10^-2 = -10*-10 = -100

10^-3 = -10* -10* -10 = -1000

See the pattern?
Some things in math are messed up.

The whole “x^m / x^n” argument is a great way of showing that it must be so, but there is a much more relatable, “real-world” explanation for x^0 = 1. As such, the “no! It’s just because we defined it that way!” response is wrong – this time. It is true that that is sometimes the answer, but not here.

How about an ELI10? This operation (powers) describes the number of possible outcomes. So, if you were to flip a coin once, how many possible outcomes are there? Two – heads or tails, and 2^1 = 2. If you were to flip it 7 times, how many possible strings of heads and tails are there? 2^7. If you flip the coin 0 times, how many possible outcomes are there? Well…1, right? You get nothing. Thus, 2^0 = 1.

This of course ignore the interesting philosophical discussion of how to identify and count nothingness, but at a real-world level it is correct.
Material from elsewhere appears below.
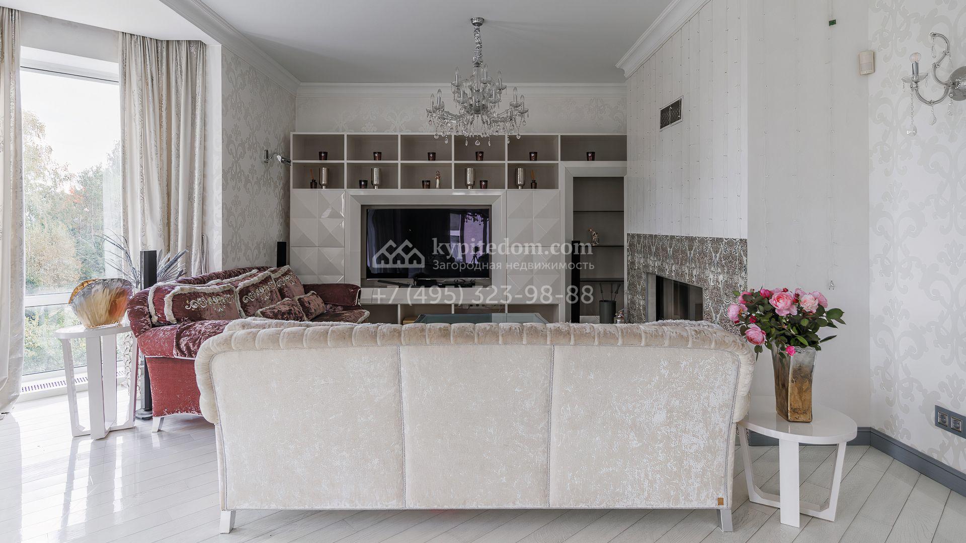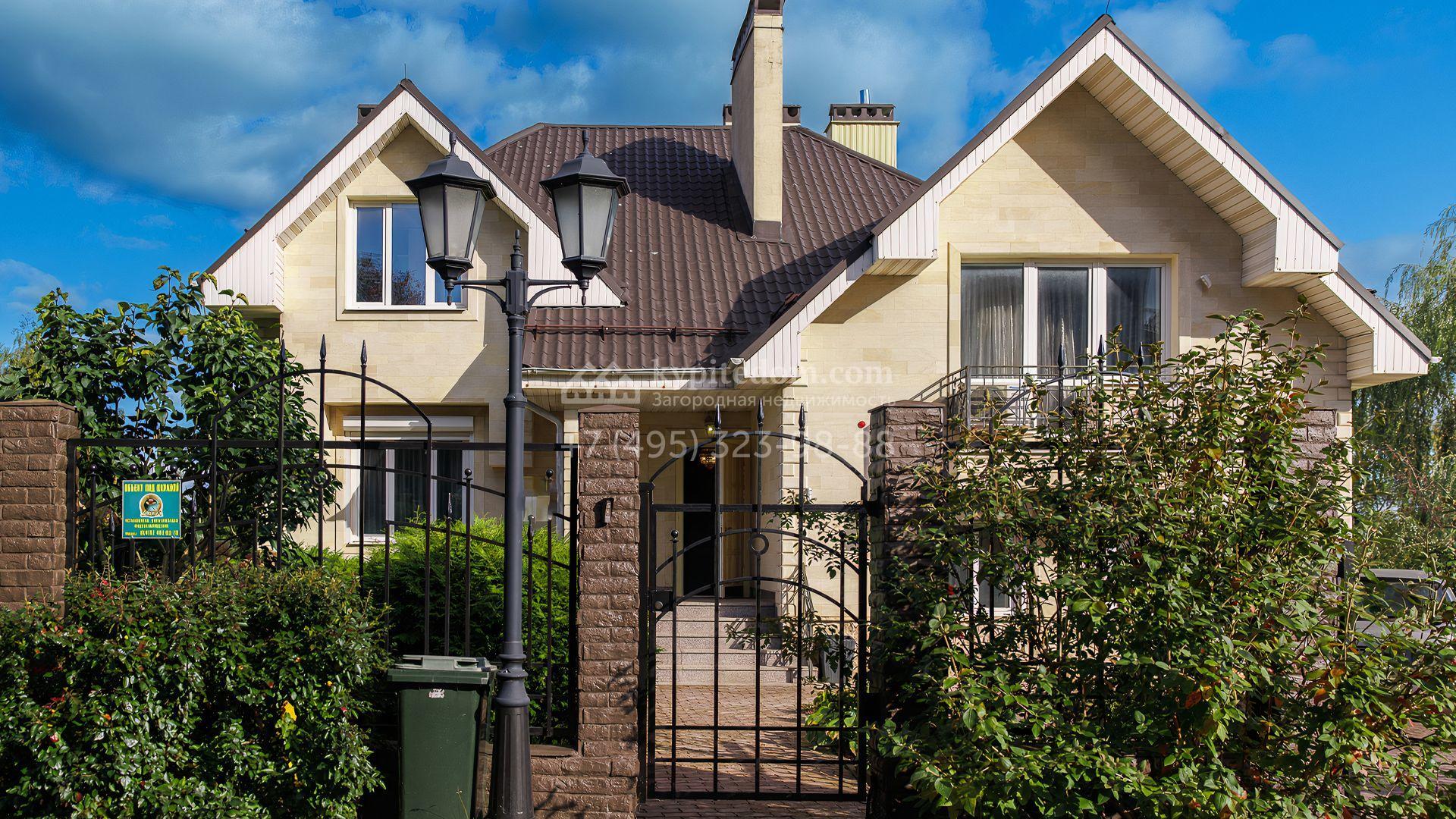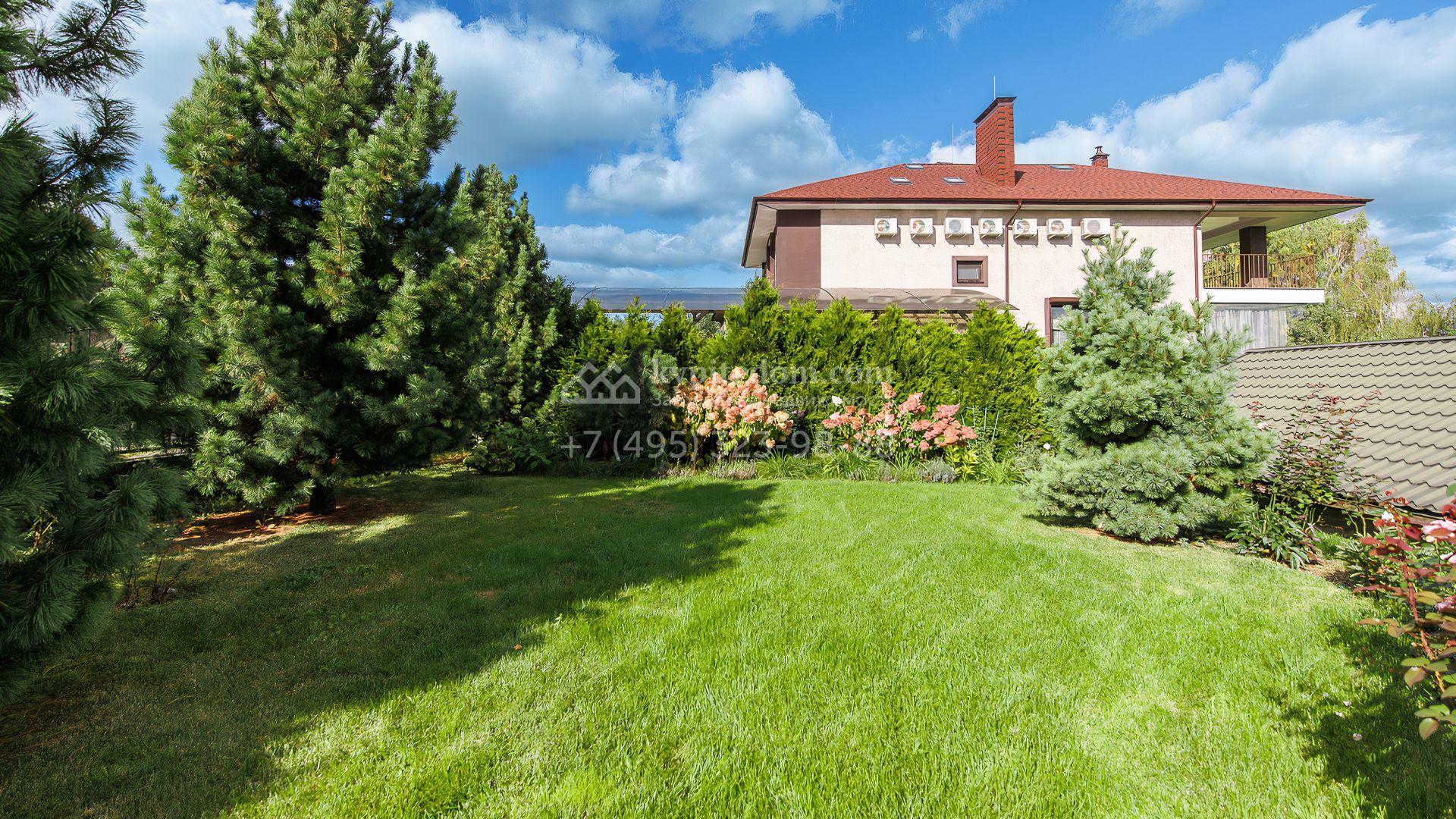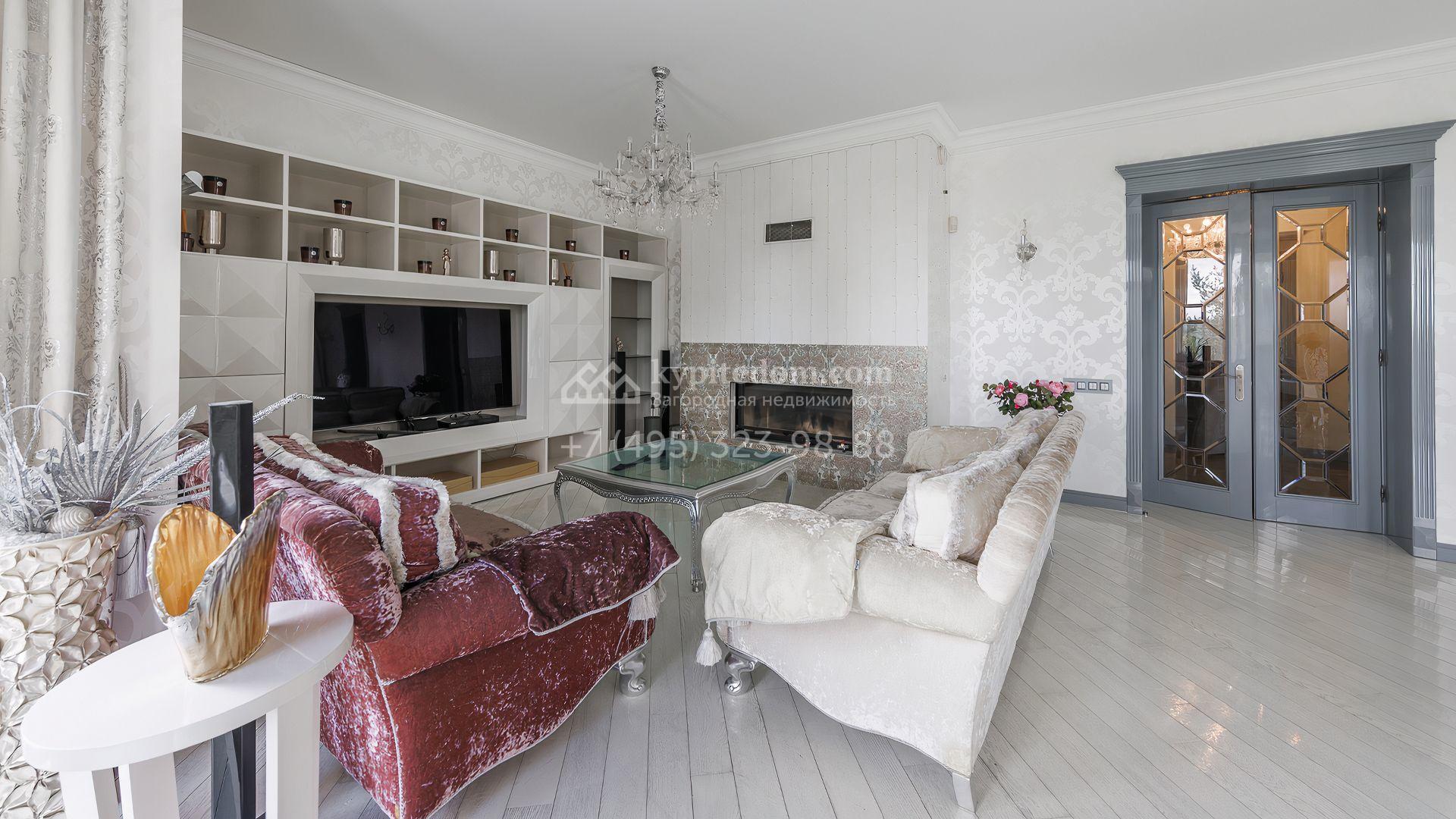 Загородный дом площадью 400 м² расположен на просторном полевом участке 22 сотки. Фасад в европейском стиле облицован бежевым камнем. В отделке интерьера преобладют светлые бежевые и серые оттенки. Резиденция меблирована эксклюзивной итальянской мебелью и укомплектована премиальной бытовой техникой. Планировкой предусмотрены 5 спален, 2 кухни, 2 гостиные с камином и пианино. Отдохнуть на свежем воздухе можно на двух террасах, одна из которых оборудована зоной барбекю и джакузи. На разноуровневом участке выполнен ландшафтный дизайн, обустроен сад с цветущей магнолией, сакурой, соснами, кедрами, туями и плодоносными деревьями.

This understanding of exponentiation is of course restricted to non-negative integers in both the base and the exponent. By extension you then define the operation for all complex numbers in the base, and then you properly have the stated result. You can also extend to all complex numbers in the exponent. If you prefer to cut back down to real numbers, you of course get weird looking rules that come with that restriction.

Lastly, always remember – don’t drink and derive!